### Your assignment
The answer must be an exact transcription of the lines below from the first through the one containing "Damski zegarek 2770055", with the pictures left out; please add nothing else.

### Provided data
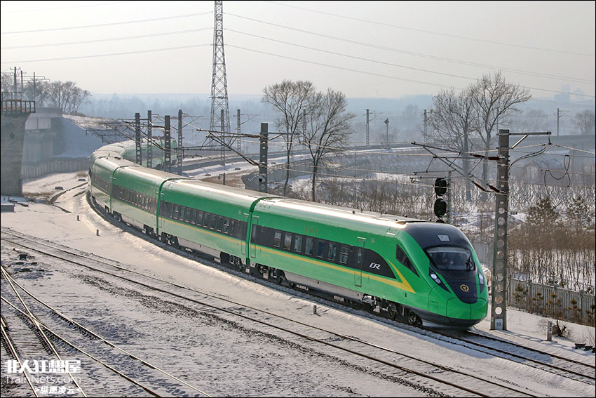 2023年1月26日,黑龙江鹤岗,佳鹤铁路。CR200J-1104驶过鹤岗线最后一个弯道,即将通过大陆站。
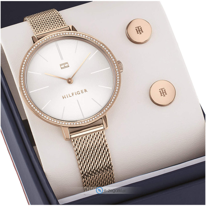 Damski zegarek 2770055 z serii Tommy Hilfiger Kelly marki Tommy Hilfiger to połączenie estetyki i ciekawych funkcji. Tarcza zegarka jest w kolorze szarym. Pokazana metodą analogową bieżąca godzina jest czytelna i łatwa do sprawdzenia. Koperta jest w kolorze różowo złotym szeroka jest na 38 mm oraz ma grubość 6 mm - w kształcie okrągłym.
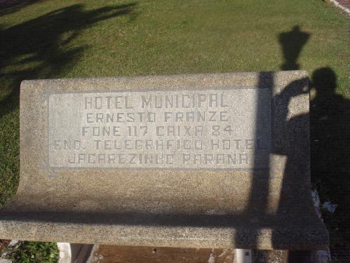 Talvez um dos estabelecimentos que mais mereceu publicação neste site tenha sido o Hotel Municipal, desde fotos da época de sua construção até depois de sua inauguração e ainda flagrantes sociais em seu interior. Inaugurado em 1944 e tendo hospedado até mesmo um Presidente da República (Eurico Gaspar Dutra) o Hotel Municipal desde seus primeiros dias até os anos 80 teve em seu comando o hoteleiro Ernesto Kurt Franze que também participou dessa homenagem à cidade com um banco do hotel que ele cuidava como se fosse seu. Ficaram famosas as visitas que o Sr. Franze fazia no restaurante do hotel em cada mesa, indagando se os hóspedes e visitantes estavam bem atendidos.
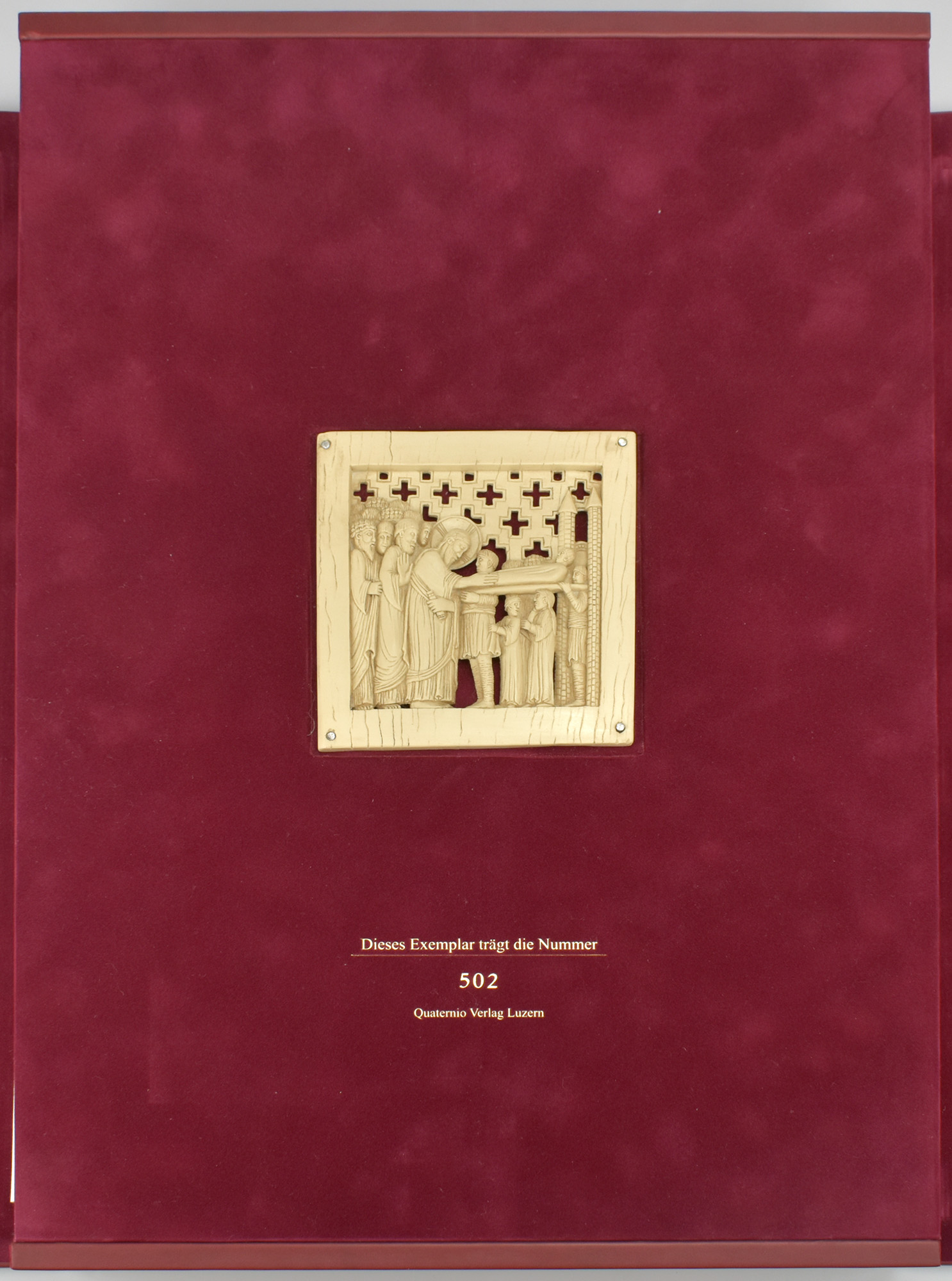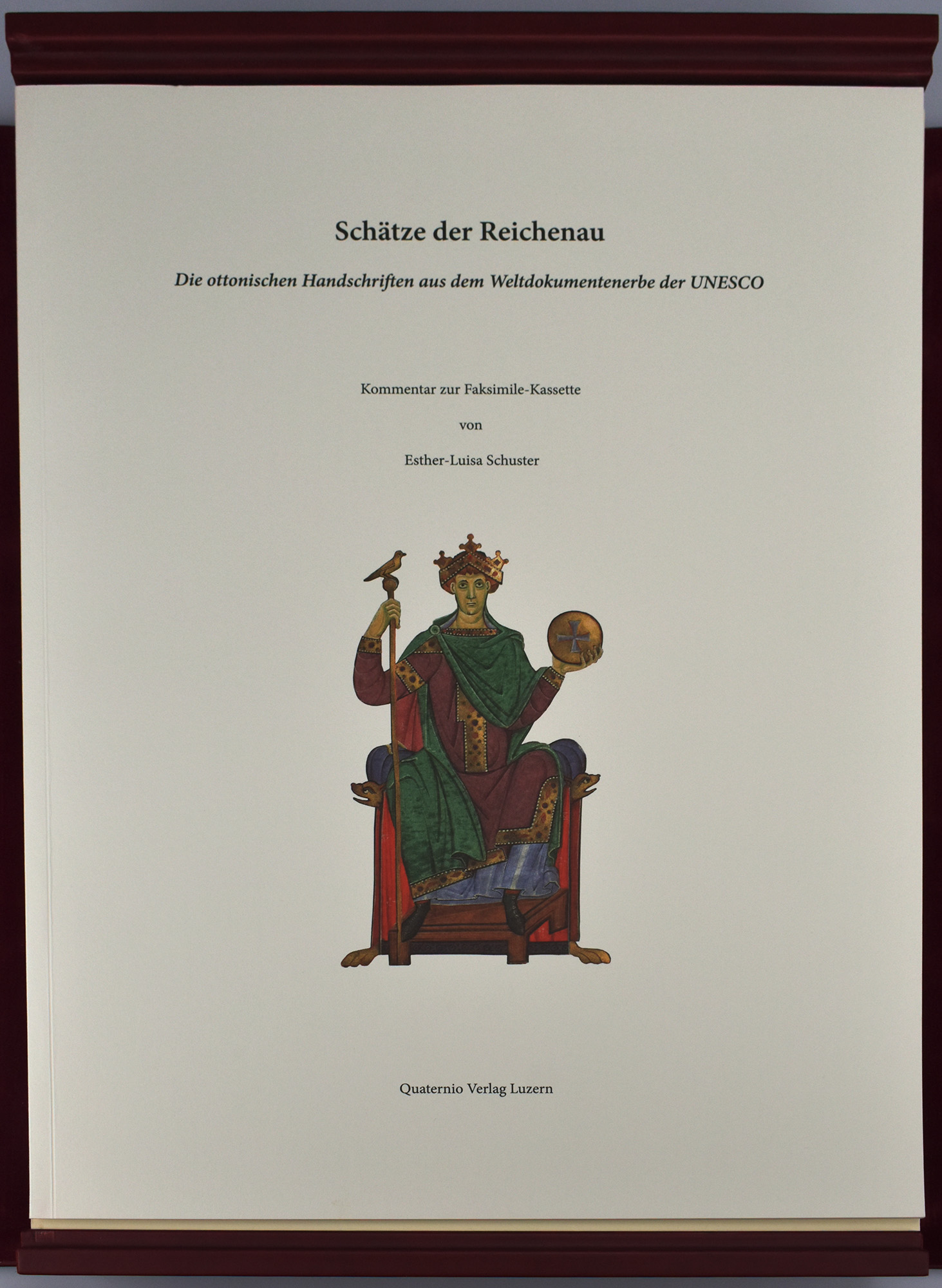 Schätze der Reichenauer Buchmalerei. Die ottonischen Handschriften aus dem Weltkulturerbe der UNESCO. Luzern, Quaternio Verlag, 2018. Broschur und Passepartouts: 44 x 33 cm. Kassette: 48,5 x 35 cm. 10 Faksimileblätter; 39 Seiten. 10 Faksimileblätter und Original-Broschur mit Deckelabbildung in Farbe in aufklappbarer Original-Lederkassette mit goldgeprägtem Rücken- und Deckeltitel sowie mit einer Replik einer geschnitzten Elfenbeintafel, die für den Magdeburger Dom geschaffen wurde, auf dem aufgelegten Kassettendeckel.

### Exercise answer
 2023年1月26日,黑龙江鹤岗,佳鹤铁路。CR200J-1104驶过鹤岗线最后一个弯道,即将通过大陆站。
 Damski zegarek 2770055 z serii Tommy Hilfiger Kelly marki Tommy Hilfiger to połączenie estetyki i ciekawych funkcji. Tarcza zegarka jest w kolorze szarym. Pokazana metodą analogową bieżąca godzina jest czytelna i łatwa do sprawdzenia. Koperta jest w kolorze różowo złotym szeroka jest na 38 mm oraz ma grubość 6 mm - w kształcie okrągłym.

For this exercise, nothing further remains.